# What this task involves:
All the lines below need to be output exactly, apart from any images.

# Collected material:

/---

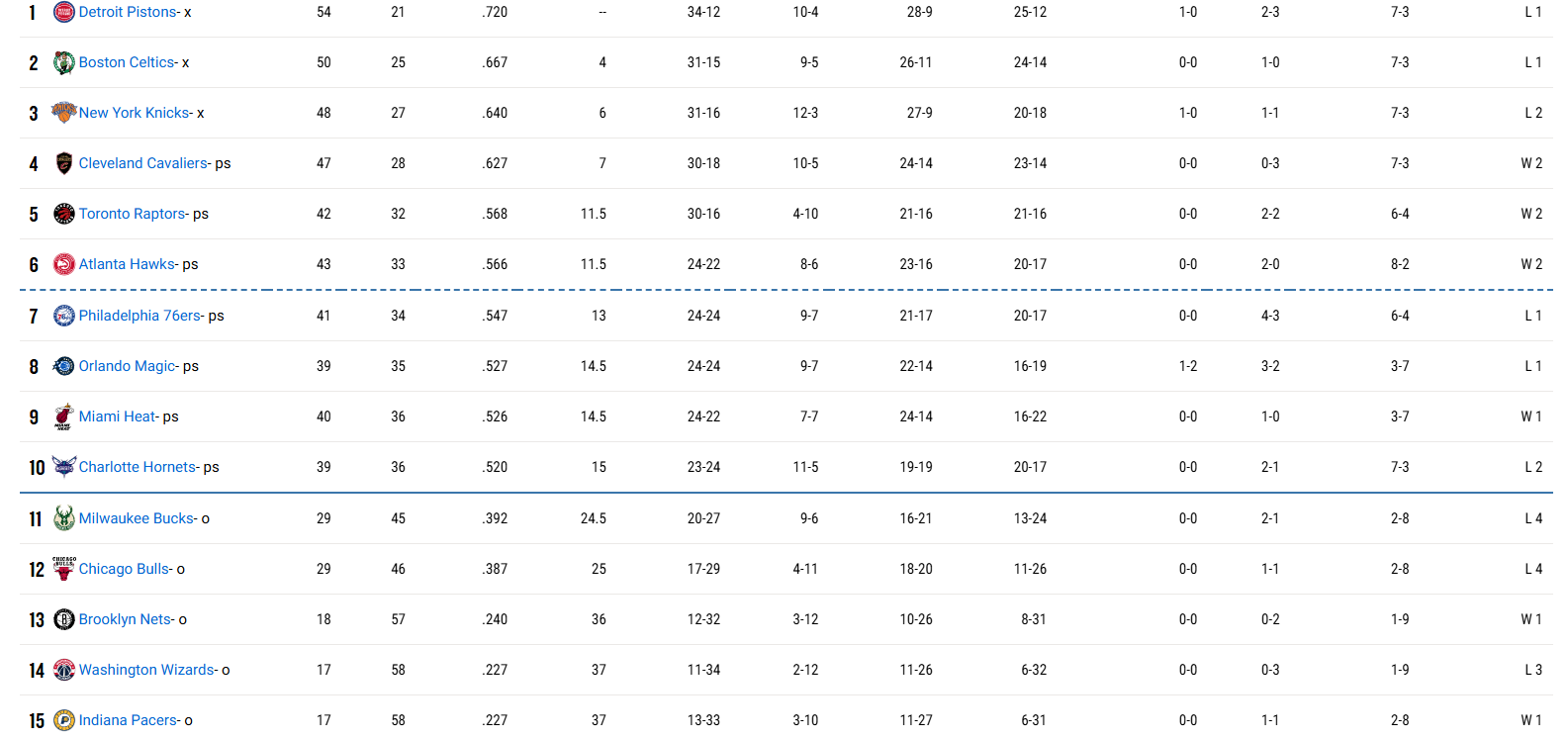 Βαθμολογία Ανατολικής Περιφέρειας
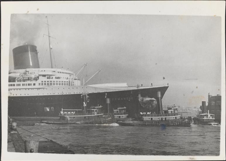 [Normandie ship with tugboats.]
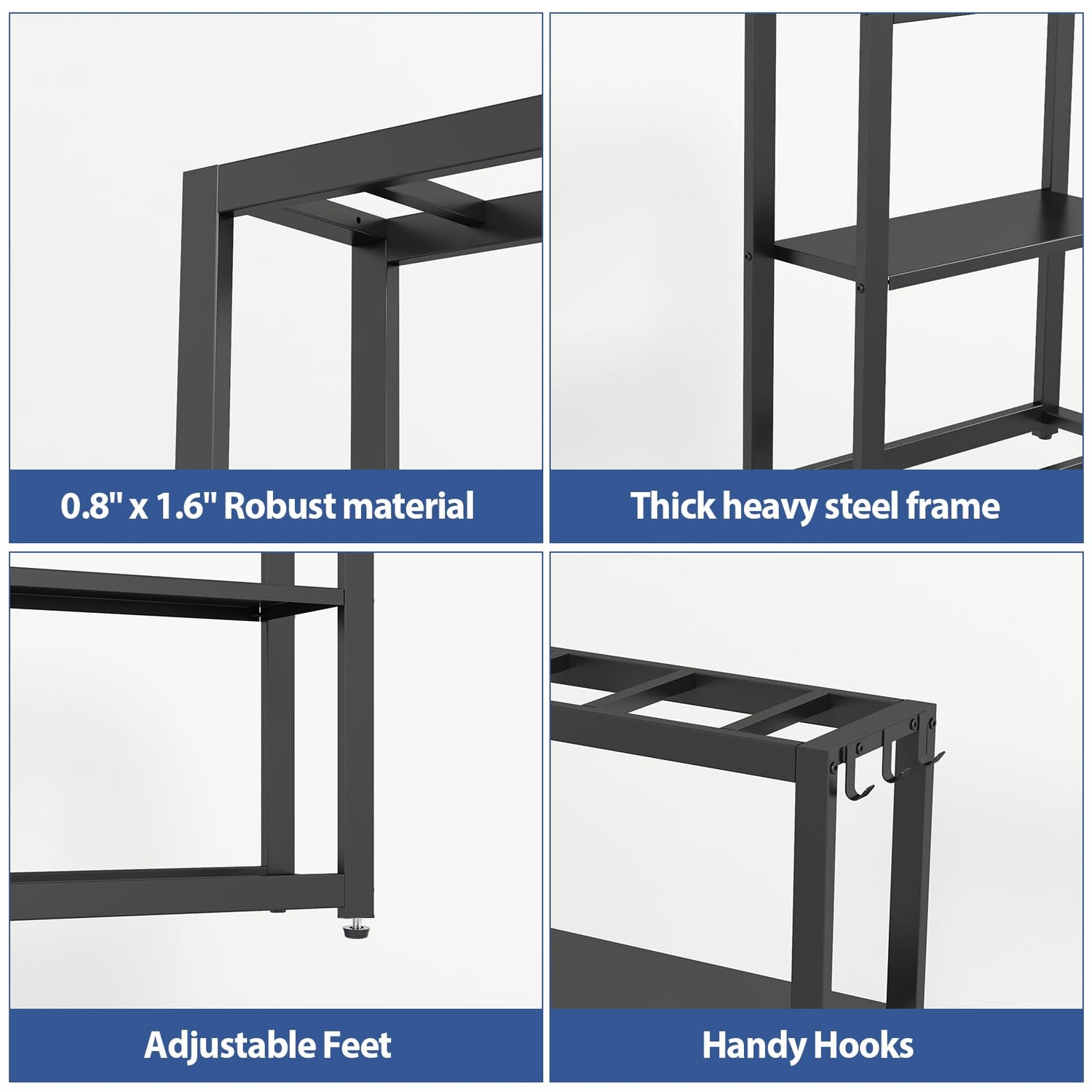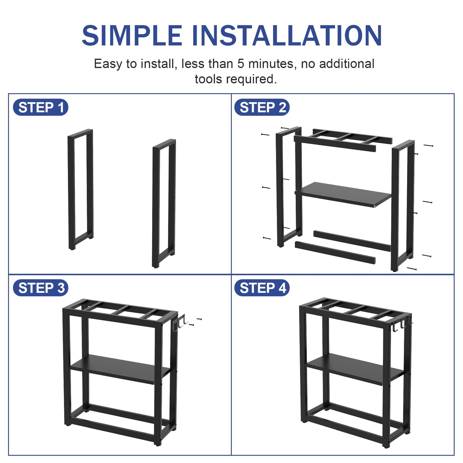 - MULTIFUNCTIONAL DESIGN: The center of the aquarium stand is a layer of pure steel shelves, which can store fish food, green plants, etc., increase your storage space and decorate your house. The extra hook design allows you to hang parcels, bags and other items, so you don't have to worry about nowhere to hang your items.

\---

# Output for this exercise:
 Βαθμολογία Ανατολικής Περιφέρειας
 [Normandie ship with tugboats.]
 - MULTIFUNCTIONAL DESIGN: The center of the aquarium stand is a layer of pure steel shelves, which can store fish food, green plants, etc., increase your storage space and decorate your house. The extra hook design allows you to hang parcels, bags and other items, so you don't have to worry about nowhere to hang your items.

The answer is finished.